THE DOG IN THE MANGER

A DOG made his bed in a Manger, and lay snarling and growling to keep the horses from their provender. "See," said one of them, "what a miserable cur! who neither can eat corn himself, nor will allow those to eat it who can."

(Fable 228 Halm; Thomas James' translation.)


THE LION, THE BEAR AND THE FOX

A LION and a Bear found the carcass of a Fawn, and had a long fight for it. The contest was so hard and even, that, at last, both of them half-blinded and half-dead lay panting on the ground, without strength to touch the prize that was stretched between them. A Fox coming by at the time, and seeing their helpless condition, stepped in between the combatants and carried off the booty. "Poor creatures that we are," cried they, "who have been exhausting all our strength and injuring one another, merely to give a rogue a dinner!"

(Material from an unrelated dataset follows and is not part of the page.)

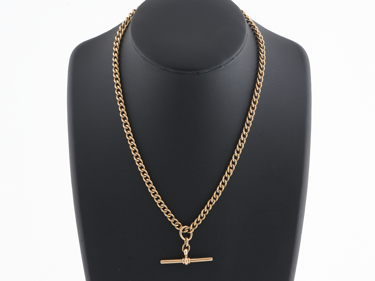 AN ALBERT CHAIN IN 9CT GOLD, LENGTH 450MM, WEIGHT APPROXIMATELY 35.4GMS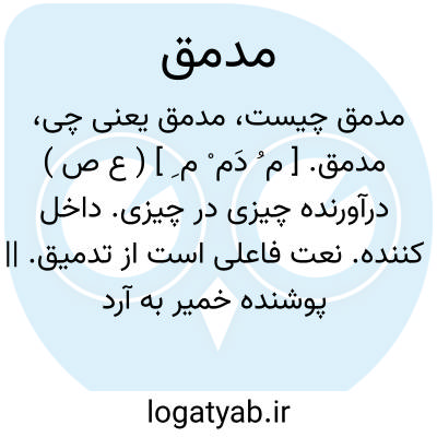 مدمق. [ م ُ دَم ْ م ِ ] ( ع ص ) درآورنده چیزی در چیزی. داخل کننده. نعت فاعلی است از تدمیق. || پوشنده خمیر به آرد تا خمیر به دست نچسبد. ( ناظم الاطباء ) ( از آنندراج ). نعت فاعلی است از تدمیق. رجوع به تدمیق شود.

(Fable 247 Halm; Thomas James' translation.)


THE GOOSE WITH THE GOLDEN EGGS

A CERTAIN man had the good fortune to possess a Goose that laid him a Golden Egg every day. But dissatisfied with so slow an income, and thinking to seize the whole treasure at once he killed the Goose; and cutting her open, found her—just what any other goose would be!

Much wants more and loses all.

(Fable 343 Halm; Thomas James' translation.)